L’essentiel : L’actual play, c’est tout simplement une vraie partie de jeu de rôle diffusée en vidéo ou en podcast pour qu’un public la suive. Le format a explosé dans les années 2010 avec Critical Role et The Adventure Zone, et représente aujourd’hui des centaines de millions de vues cumulées. On regarde un actual play pour la même raison qu’on lit un roman feuilleton : pour s’attacher à des personnages, partager leurs aventures et apprendre, accessoirement, comment les rôlistes jouent vraiment à Donjons et Dragons ou à L’Appel de Cthulhu.

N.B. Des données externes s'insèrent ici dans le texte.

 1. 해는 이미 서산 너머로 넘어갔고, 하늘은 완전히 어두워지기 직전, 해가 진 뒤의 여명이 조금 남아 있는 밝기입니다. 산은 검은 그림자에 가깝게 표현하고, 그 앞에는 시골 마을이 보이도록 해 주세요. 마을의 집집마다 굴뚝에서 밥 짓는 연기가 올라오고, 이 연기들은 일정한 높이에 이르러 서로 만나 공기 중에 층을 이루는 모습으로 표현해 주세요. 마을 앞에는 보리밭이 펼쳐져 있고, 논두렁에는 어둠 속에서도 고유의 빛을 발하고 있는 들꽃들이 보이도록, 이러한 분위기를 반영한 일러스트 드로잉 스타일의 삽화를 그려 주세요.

Un actual play, c’est une vraie partie de jeu de rôle diffusée pour le public. Pas une scénette préparée, pas un sketch, pas une mise en scène : des joueurs autour d’une table (physique ou virtuelle), qui lancent vraiment leurs dés, vraiment leurs sorts, et acceptent que les caméras tournent. Le résultat oscille entre théâtre d’improvisation, podcast narratif et série télé en huis clos. C’est devenu l’un des moteurs de la croissance du JDR depuis dix ans.

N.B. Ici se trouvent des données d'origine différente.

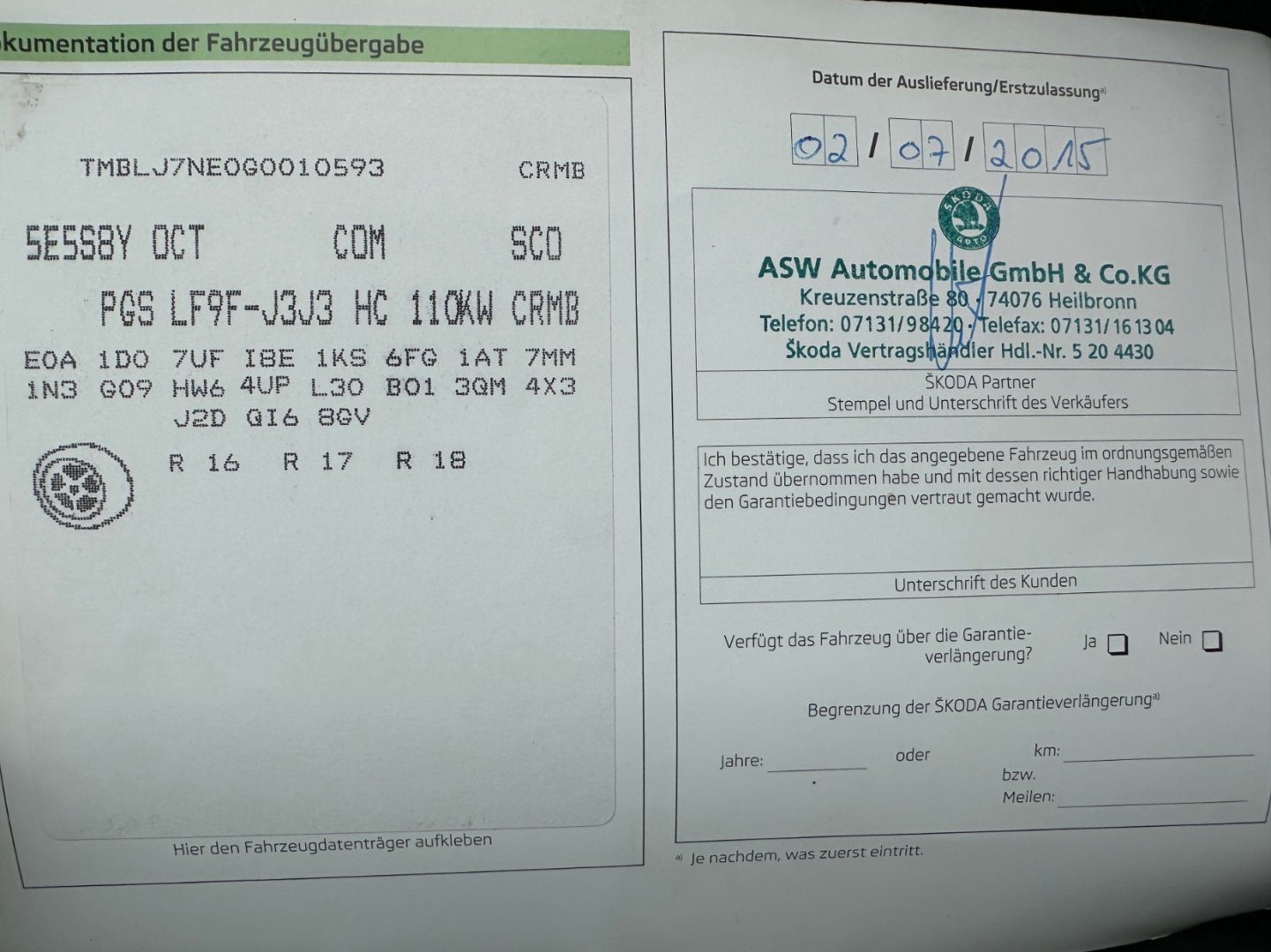 | VIN | TMBLJ7NE0G0010593 |

Le terme actual play s’est imposé dans les années 2000 dans les communautés anglophones, en opposition aux comptes rendus écrits ou aux résumés de scénario. Aujourd’hui, l’actual play est un genre à part entière, avec ses stars, ses studios, ses conventions dédiées et ses modèles économiques. Voici le tour complet de ce phénomène qui a transformé le rapport entre les rôlistes et leur loisir.

Qu’est-ce que l’actual play, concrètement ?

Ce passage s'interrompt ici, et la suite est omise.